«Ты — оспа, Алекзайн, — подумал Эд, глядя на приближающееся багряное пятно. — Ты зараза, ты чума, которая проникла в моё тело и разум и захватила их. Но ведь ничто не мешает рабу убить своего хозяина. Не затем, чтобы освободиться… Просто за то, что я тебя ненавижу».
Да, он ненавидел её. Никогда об этом не думал так, но — ненавидел. За многое, но больше всего — за то, что она сказала: «Теперь можно», и поцеловала его губами девушки-роолло именно тогда, когда он совсем этого не хотел.
Она всегда вторгалась в его жизнь тогда, когда он этого не хотел, а не тогда, когда действительно в ней нуждался.

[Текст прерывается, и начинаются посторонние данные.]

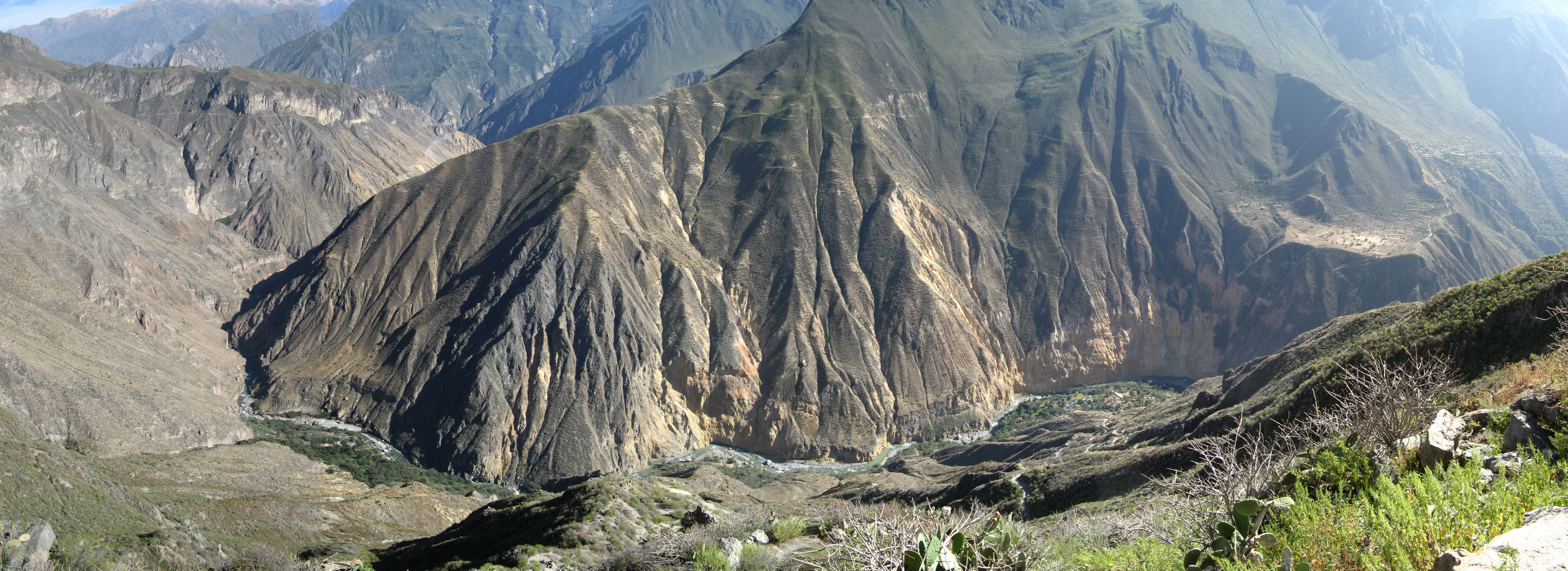 Colca Valley, view from the path from Cabanaconde to Sangalle (Oasis)
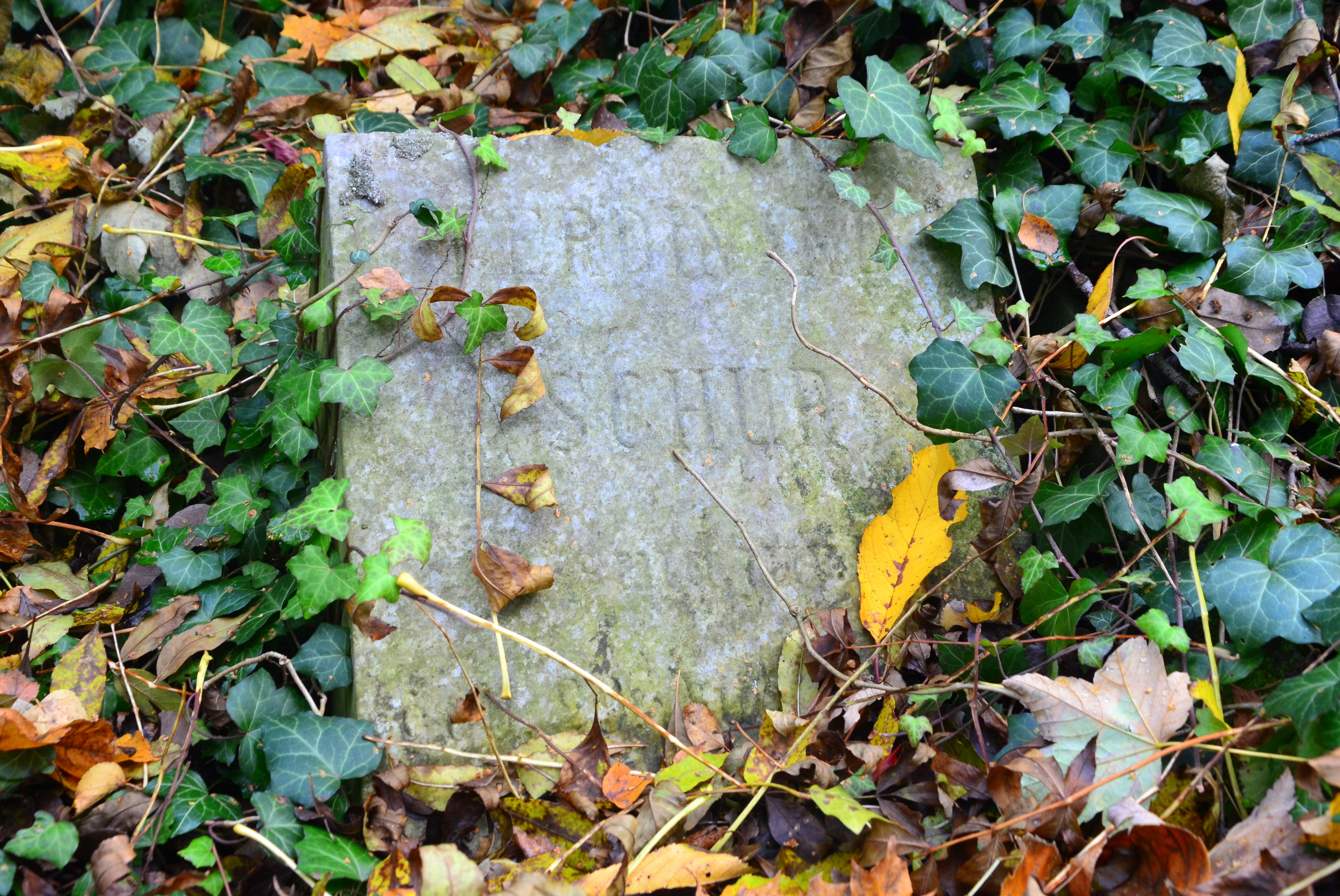 Tomb of Ferdinand Schur
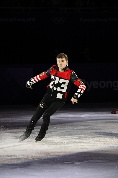 Gala exhibition at the 2018 Winter Olympics
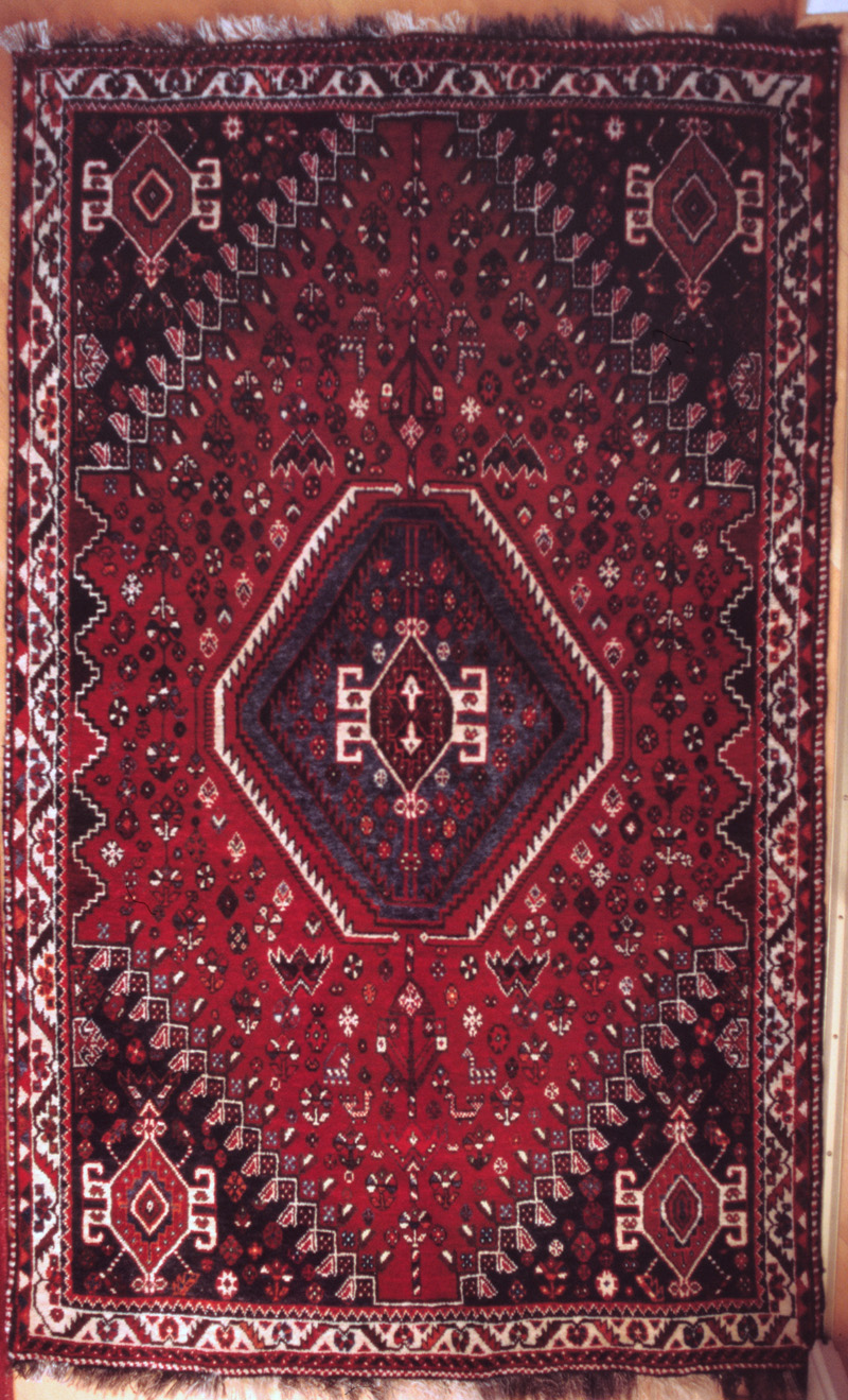 Kaschgai-Teppich / Rug made by Ghashgai people, Iran
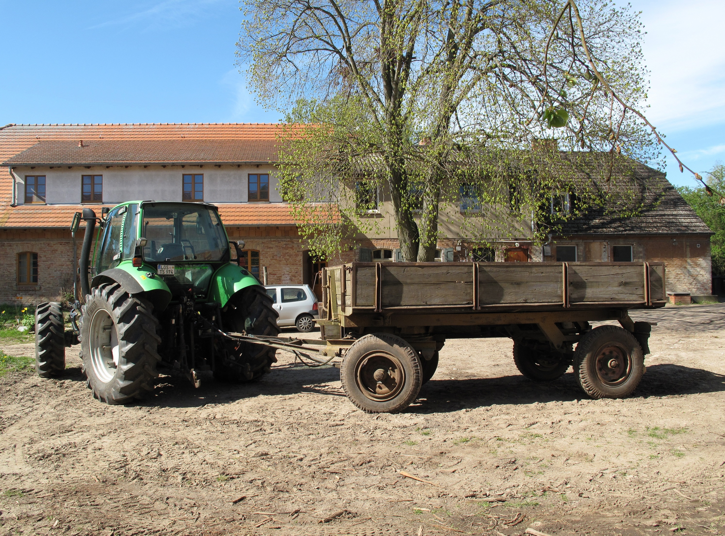 Farmbuilding of the „Hof Marienhöhe“ in April 2014. Marienhöhe is a part (settlement, estate; german: Wohnplatz) and organic farm of Bad Saarow, District Oder-Spree, Brandenburg, Germany. The place was established in 1880 as folwark of the manor Saarow. Since 1928 the „Hof Marienhöhe“ works on the biodynamic agriculture-method (Demeter international) and is considered to be the oldest farm working with this method in Germany.
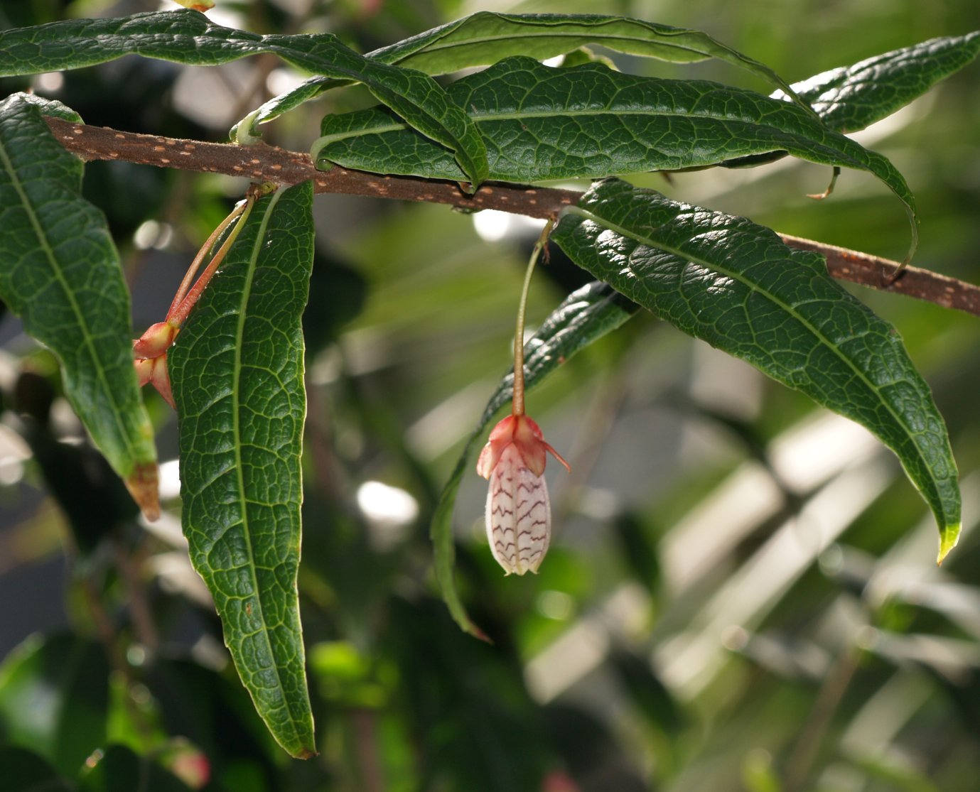 Agapetes incurvata from the Botanical Garden (Flora) of Cologne, Germany.

Ворота перед домом были распахнуты настежь — как и прежде, их не запирали. Толстая немолодая женщина с сильной проседью в волосах развешивала на верёвках бельё, пыхтя и отдуваясь — каждое движение явно давалось ей с трудом. На земле у её ног возились трое чумазых детишек — один лепил куличики из грязи, двое других упоённо ими швырялись. Женщина шикала на них и была щедра на подзатыльники, но не делала ничего, чтобы унять детвору по-настоящему. Только когда один из малышей пригнулся, и летевшая ему в лицо лепёшка смачно шмякнулась на трепетавшую по ветру белоснежную простыню, женщина гаркнула: «Джон! Ах, паскудник!» — и, схватив за ухо того малыша, в которого метили лепёшкой — то есть ни в чём, в общем-то, не повинного, — шлёпнула его со всей силой суровой материнской любви. Мальчишка заверещал, и под этот пронзительный вопль Эд ступил во двор дома, который совсем не изменился и так изменился с тех пор, как он был здесь в последний раз.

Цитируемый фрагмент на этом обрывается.